Information provided —
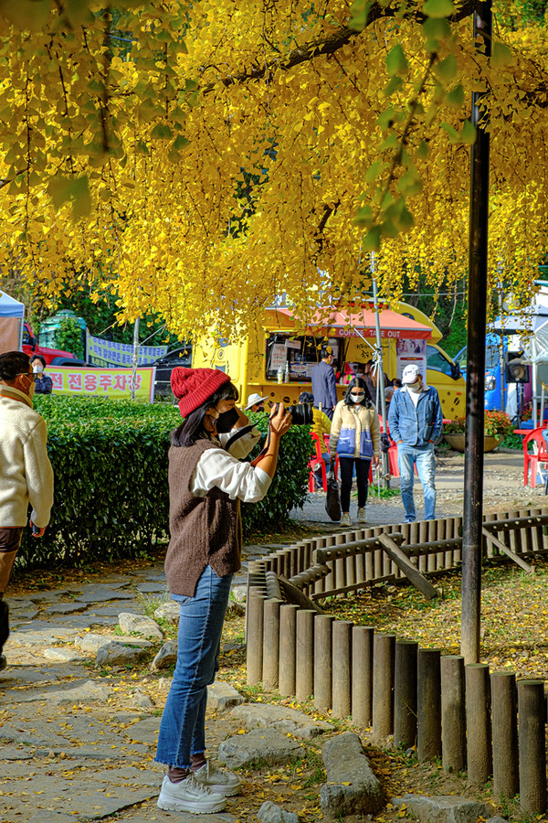 [뉴스인] 민경찬 기자 = 6일 오후 인천 남동구 장수동의 800년 된 은행나무를 찾은 한 시민이 은행나무를 찍고 있다. 이 나무는 올해 2월 8일 천연기념물 제562호로 지정됐다.
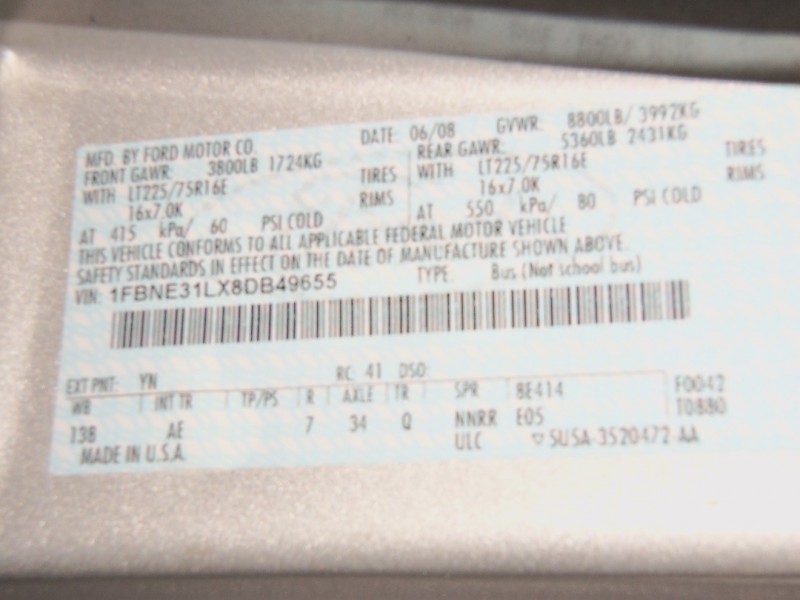 46442 - 2008 Ford E350 Super Duty Van 8 Cylinders L 5.4L FI SOHC - Mileage: 174,960
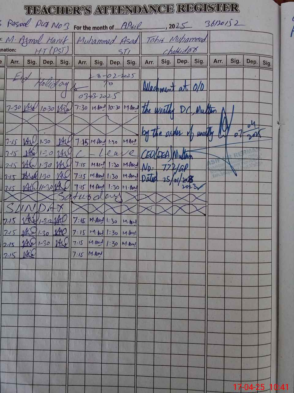 | CNIC | Full Name | Designation | R/C | Absence During Last Calender Month |
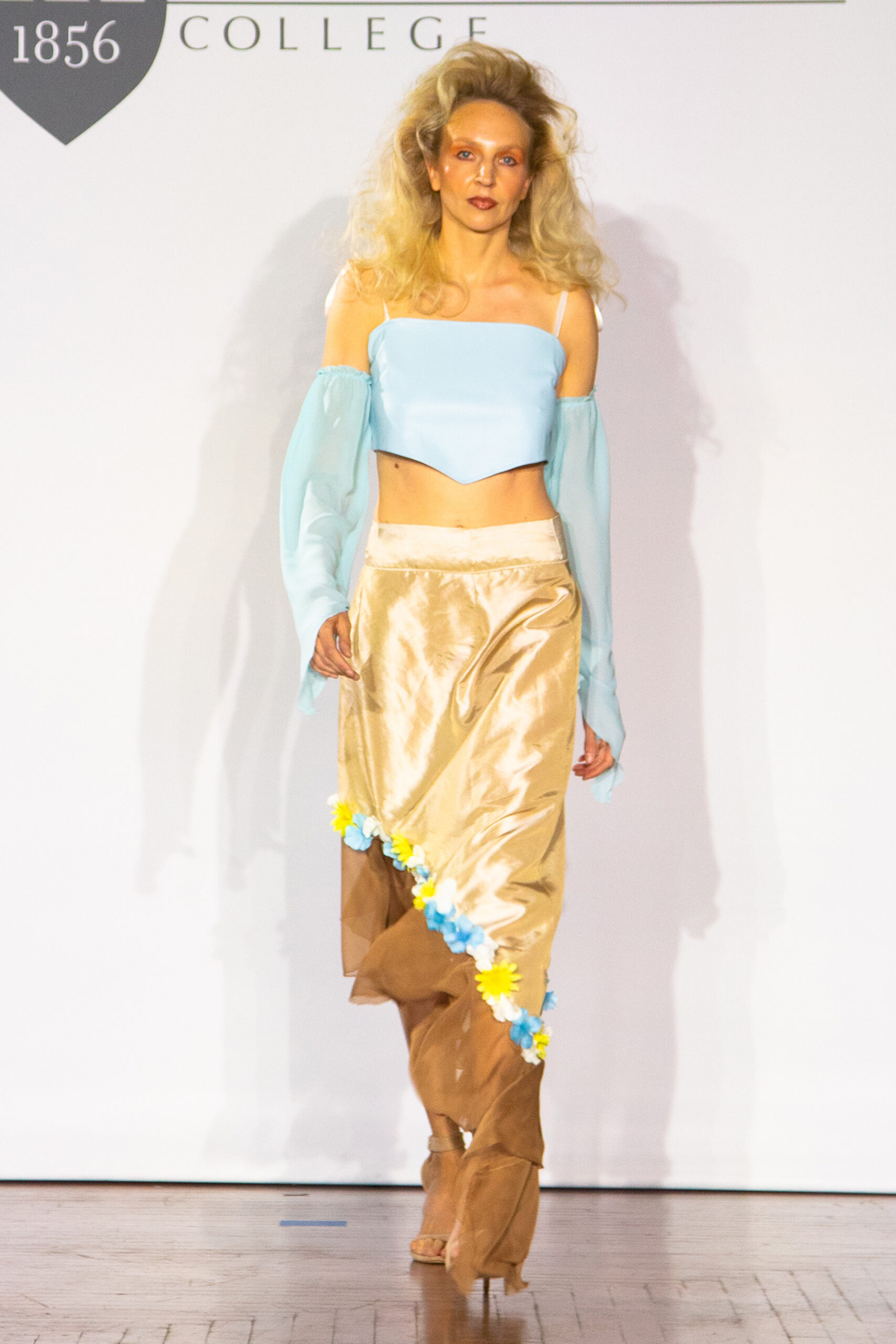 Mary Quinn, from Milford, Pennsylvania, was first up. Her designs were floral, tiered & rendered in pretty Easter Egg pastels such as Yellow, Blue, Lavender, & Pink. Her strongest look was a halter neck party dress composed of layers of semi sheer ruffles in the pretty pastels just cited. The dress hit just above the knee & would be perfect for a summer patio & pool party. The pretty pale Yellow long sleeve crop top & matching long ballgown skirt embroidered with daffodils is ideal for a romantic mid-summer garden party. The model in big eighties style hair by Jorge Luis, reminded us of the big, bigger, biggest hair women wore in the night clubs of the day.

What this task involves —
Once the pictures are set aside, the remaining data must be transcribed exactly.

Exercise result —
 [뉴스인] 민경찬 기자 = 6일 오후 인천 남동구 장수동의 800년 된 은행나무를 찾은 한 시민이 은행나무를 찍고 있다. 이 나무는 올해 2월 8일 천연기념물 제562호로 지정됐다.
 46442 - 2008 Ford E350 Super Duty Van 8 Cylinders L 5.4L FI SOHC - Mileage: 174,960
 | CNIC | Full Name | Designation | R/C | Absence During Last Calender Month |
 Mary Quinn, from Milford, Pennsylvania, was first up. Her designs were floral, tiered & rendered in pretty Easter Egg pastels such as Yellow, Blue, Lavender, & Pink. Her strongest look was a halter neck party dress composed of layers of semi sheer ruffles in the pretty pastels just cited. The dress hit just above the knee & would be perfect for a summer patio & pool party. The pretty pale Yellow long sleeve crop top & matching long ballgown skirt embroidered with daffodils is ideal for a romantic mid-summer garden party. The model in big eighties style hair by Jorge Luis, reminded us of the big, bigger, biggest hair women wore in the night clubs of the day.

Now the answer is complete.